The project is in response to a series of spills that happened in December 2019 from heavy rainfall.

“In December …, we had a heavy rain event — 15-16 inches — in our area … with that much stormwater coming into your sewer system and sewer lines, it just overtook the plant,” Barber said. “When we first realized (it) was going to happen, (Utilities) Director (Darryl) Muse and I joked that ‘if you’ll put on a backhoe, I’ll start digging this hole right now and hope it catches it.'”

The new basin’s job is simple: provide added storage capacity for excess stormwater when overflows occur.

In an overflow situation, the excess will be directed to the main basin then the new basin and stored until the treatment facility is ready to process it, Muse said. 

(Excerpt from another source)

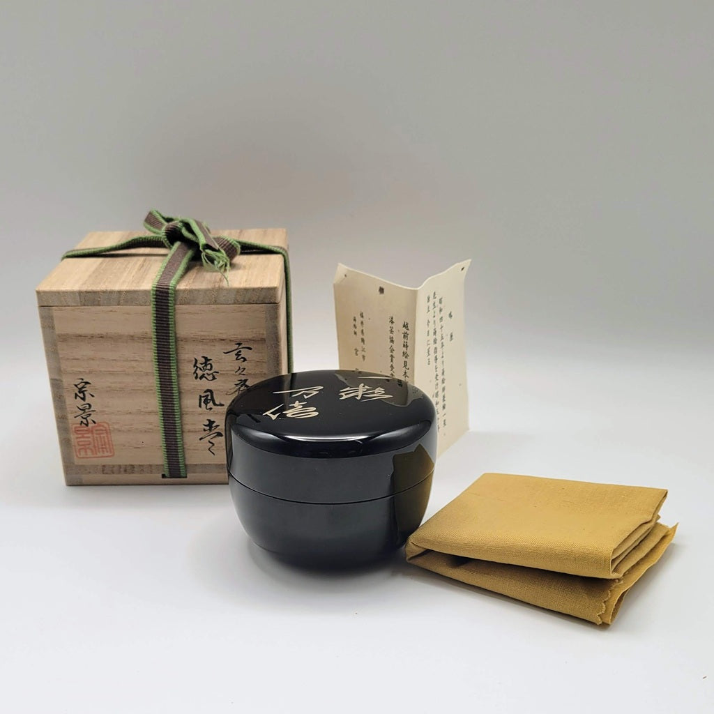 Deze elegante Tokufū Natsume (徳風棗) is gemaakt door Miyata Munekage 宮田宗景 na oorspronkelijk ontwerp van de 11e Urasenke-theemeester Gengen Saikō (玄々斎). Miyata is een hedendaagse Echizen urushi-kunstenaar, die studeerde onder Yōrin Issei (養輪一星).

“The way it’s designed to work is if we get excess flows, we’re going to store those flows in the 6.5 million gallons of those excess flows in our primary equalization basin,” he said. “And then, when that one starts to overflow or fill, we’re going to start moving those flows over (to the new basin) for an additional 7.5 to 8 million gallons in capacity.”

Muse said the basin will provide three things: additional capacity to the plant (it will be 42 million total gallons once finished), allowing the plant to operate more as it was designed and better protecting the environment. 

A year after the heavy rains, the city experienced a 7.5 million gallon sewage spill in December 2019 and was fined $122,000 by Georgia’s Environmental Protection Division. The EPD consent order, published April 27, outlined 12 measures for the City of Valdosta to establish and follow, in addition to the $122,000 fine.

The December 2019 spill, caused when an outside contractor failed to reconnect a sensor in the treatment plant, was the largest in recent years in Valdosta and resulted in a tense January public forum between local and North Florida officials and residents. 

The new basin is an exciting one, Valdosta Mayor Scott James Matheson said, that will protect both residents and the environment during overflows and spills

“We’re delivering on a promise — yet another promise — and it’s an extra 7.5 million gallons of protection,” the mayor said. “It’s another layer so we can keep our promise to you and to revitalize our waterways and make them enjoyable for all of us.”

If the additional basin had existed during the heavy rains of December 2018, Barber said the city could’ve handled the overflow better.

“If this would’ve been here then, I think we would’ve had a whole different story,” he said.